In a phrase that may well have provided the entire volume's title, this Bach is "traditional, yet constantly pushing at the limits of what was acceptable." This balance is what Said yearns for in Mozart and Haydn, what he praises in Beethoven, and at the heart of his interpretation of Bach's work. Late works such as the B Minor Mass, The Art of Fugue, and the Goldberg Variations prove Bach's "cosmic ambition"--"not just a servile adulation of God and his work, but also an unconscious desire to rival it" (285). Bach's actual religious views are "pious-seeming," "almost tiresome," "ostensibl[e]," probably because they stand in the way of this construct. Wolff's biography is faulty because it does not attempt to sketch anything like it. Wolff does tell who might have shown up to Bach's wedding. But who cares? Said prefers Maynard Solomon's imaginative Mozart and Beethoven biographies. "Give me something to hang my hat on," he seems to say.

I nearly included, in the last paragraph's first sentence, "and that seems to describe its author as well as it does its subject." Now I'm convinced I should have included it. After reading four Said articles (including "Bach for the Masses": interestingly, this article overlaps in two major ways with this one; it reiterates both that Bach's polyphonic genius is "unequalled before or since--and that Lawrence Dreyfus has a great book on the subject), "traditional, yet constantly pushing at the limits of what was acceptable" describes Said's writing style and what I can tell about the man himself. Said's most enjoyable sentences are exactly that. His "additive" sentences can become rivers-over-levees that sweep down into an ocean. Here, on the difficulty of achieving virtuosity:
The science of sound-production, the rigours of the well-tempered harmonic system, the formalities of composition, the physical disciplines of learning how to play and then perform an instrument (or to sing an aria or lied)--all these require years of practice and study, epscially in the perfecting of mind-ear-hand (or voice) co-ordination and the ability to deploy it unerringly, without hesitation, that lies at the heart of virtuoso performing. (279)

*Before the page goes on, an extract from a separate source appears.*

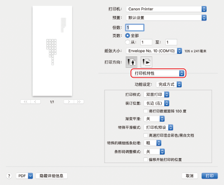 从打印选项弹出菜单中,选择 [打印机特性]。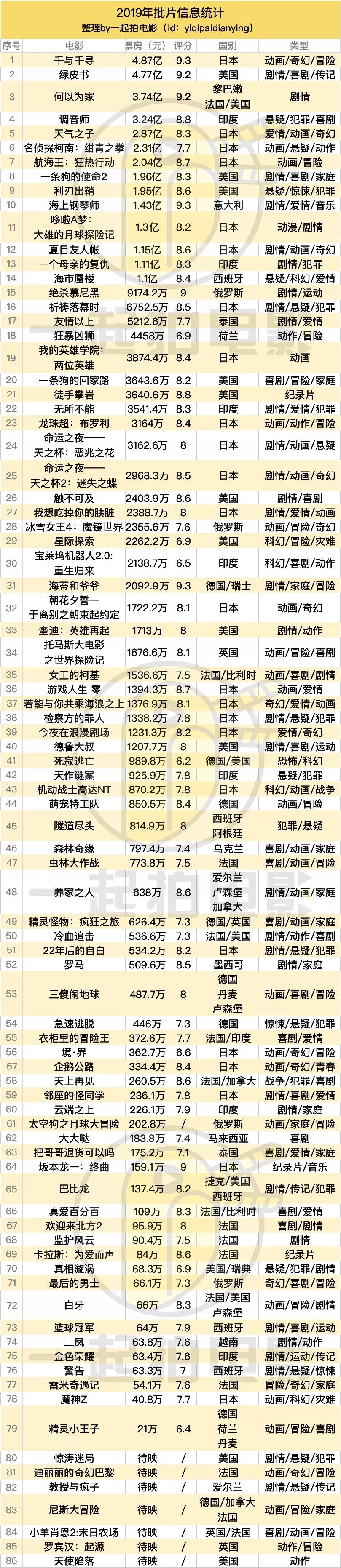 其实不仅仅印度电影,从本年批片商场的全体体现来看,虽然爆款频出,但多以《绿皮书》《何认为家》《调音师》等“小爆款”居多,像《摔跤吧!爸爸》等从前超10亿的大爆款著作却缺席不在,乃至是超5亿著作相同缺失,商场最为卖座的是4.87亿的《千与千寻》。

Said is performing as virtuosically as those he describes, his sentence showing both the endurance and the facility that literacy demands just as well as concertizing does.
Or, in interrupted style, on composition as literal creation:
In Doktor Faustus, Thomas Mann speaks of Adrien Leverkuhn's (and his father's) inclination to 'speculate the elements' (die elementa spekulierin)--that ultimately dangerous pursuit of dabbling not just in nature's oddities (inanimate crystals that behave like animate forms for instance) but in alchemy, necromancy, and magic, arts not urelated to music, which put the speculator in the position of creator. (286)


This speculation is what Said castigates Wolff for not having done. From the sentence above, this is what he believes Bach has done. In turn, this is what he is doing to Bach--and even admits to doing, calling his vision of Bach's cosmic ambition "a really imaginative aesthetic construction of Bach" done "speculatively" (284).

As I read the above, I am again struck: perhaps this is also what I am doing to Said. For what is any human work but a creation? And what is nearer to human nature than the desire to rival God? Along with Said, I believe that Bach after 1735 did have a purpose for his entire oeuvre. I'm just not searching for cosmic reality in it. Perhaps I'm afraid my own "piety and expressions of humility before God" might also be only a "way of keeping something else darker--more exuberant, more hubristic, verging on the blasphemous--at bay." As I look into my own heart, how can I shout him down? On the other hand, I see no disconnect between "unappeased creative energy" and "devoutness" (288-89). A deeply wrought combination of both is my goal for my own musical life.

If only I could be sure it was Bach's too.